Ему смущенно объясняли, что посещать Тиму поручил комитет.
И, что тут скрывать, Тима этим гордился.
Несколько дней у Тимы, к его великой радости, жил Федор, получивший после ранения кратковременный отпуск. От Федора исходил мужественный запах железа и кожи. Сабля с кожаным темляком в облупленных ножнах, револьвер в лоснящейся кобуре, портупея со множеством медных пряжек, фляжка, обшитая серым сукном, артиллерийский огромный кривой кпнжал-бебут, алюминиевая самодельная ложка, бинокль с кожаными кружочками на стеклах — все это героическое снаряжение приводило Тиму в благоговейный восторг.
Косой сизо-розовый рубец пересекал лицо Федора, покрытое черными пороховыми точками, и некрасиво приподнимал верхнюю губу; только глаза его светились, как всегда, нежно и озабоченно.
— Скучал я там, брат, о тебе.
— А об Эсфири? — ревниво спрашивал Тима, силясь вытянуть саблю из ножей.
— Давай договоримся, — строго говорил Федор, — с саблей при мне баловаться можешь, а к револьверу, ближе чем на два шага, не подходить.
— Она у вас совсем тупая, — разочарованно заявил Тима. — Как же вы дрались там тупой саблей?
— Я из пушки стрелял.
— И вам не стыдно?
— Чего?
— А вот Рыжиков скажет вам чего. В людей из пушки стрелять!
— Ты, я вижу, политиком стал.
— Никем я не стал.

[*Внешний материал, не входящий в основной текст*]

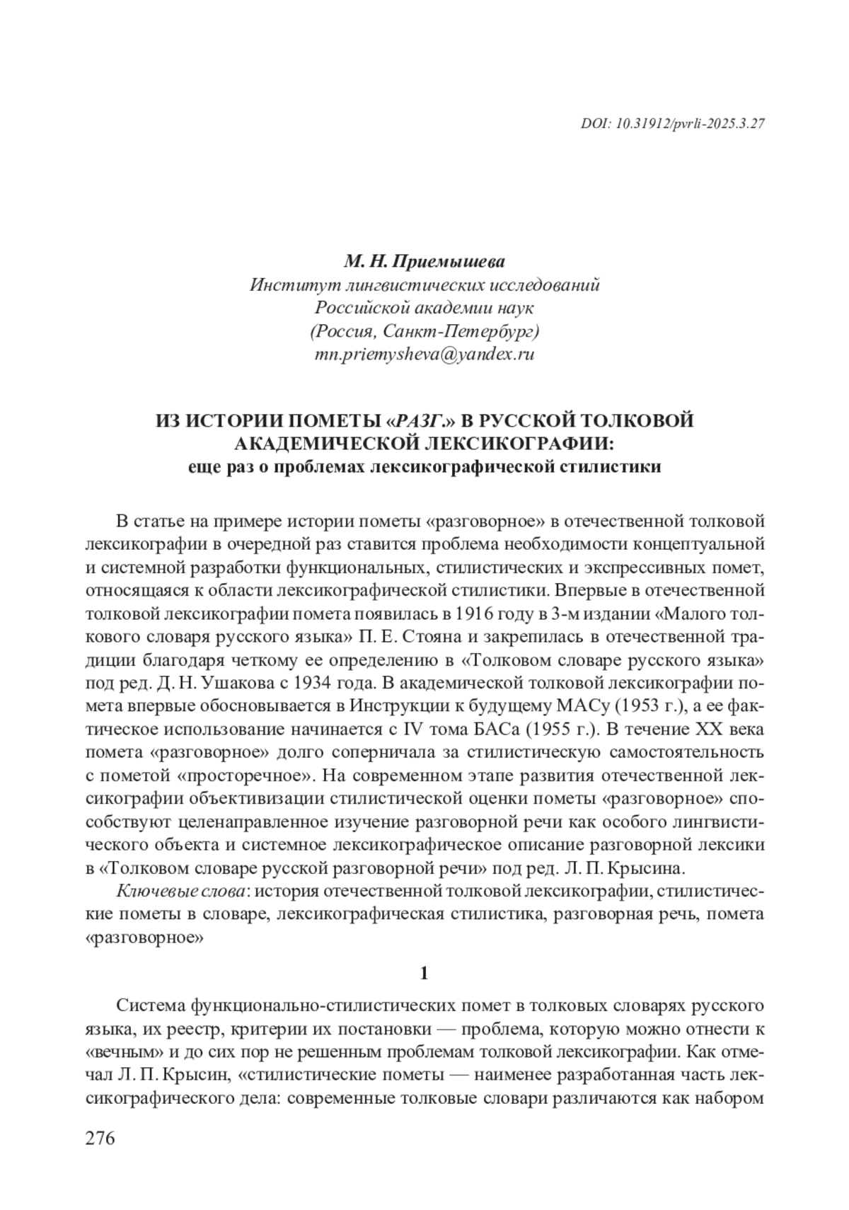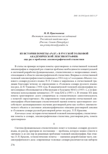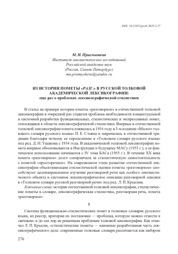 В статье на примере истории пометы «разговорное» в отечественной толковой лексикографии в очередной раз ставится проблема необходимости концептуальной и системной разработки функциональных, стилистических и экспрессивных помет, относящаяся к области лексикографической стилистики. Впервые в отечественной толковой лексикографии помета появилась в 1916 году в 3-м издании «Малого толкового словаря русского языка» П. Е. Стояна и закрепилась в отечественной традиции благодаря четкому ее определению в «Толковом словаре русского языка» под ред. Д. Н. Ушакова с 1934 года. В академической толковой лексикографии помета впервые обосновывается в Инструкции к будущему МАСу (1953 г.), а ее фактическое использование начинается с IV тома БАСа (1955 г.). В течение XX века помета «разговорное» долго соперничала за стилистическую самостоятельность с пометой «просторечное». На современном этапе развития отечественной лексикографии объективизации стилистической оценки пометы «разговорное» способствуют целенаправленное изучение разговорной речи как особого лингвистического объекта и системное лексикографическое описание разговорной лексики в «Толковом словаре русской разговорной речи» под ред. Л. П. Крысина.

Я только как папа и мама.
— А сам хвастал, у отца револьвер есть.
— Так он от буржуазии.
— Значит, думаешь, попадет мне от Рыжикова?
— Не любит он офицеров, — уклончиво ответил Тима. — На площади Свободы дом с колоннами знаете? Там вроде вас офицеры, только получше одетые, настоящих революционеров мучают.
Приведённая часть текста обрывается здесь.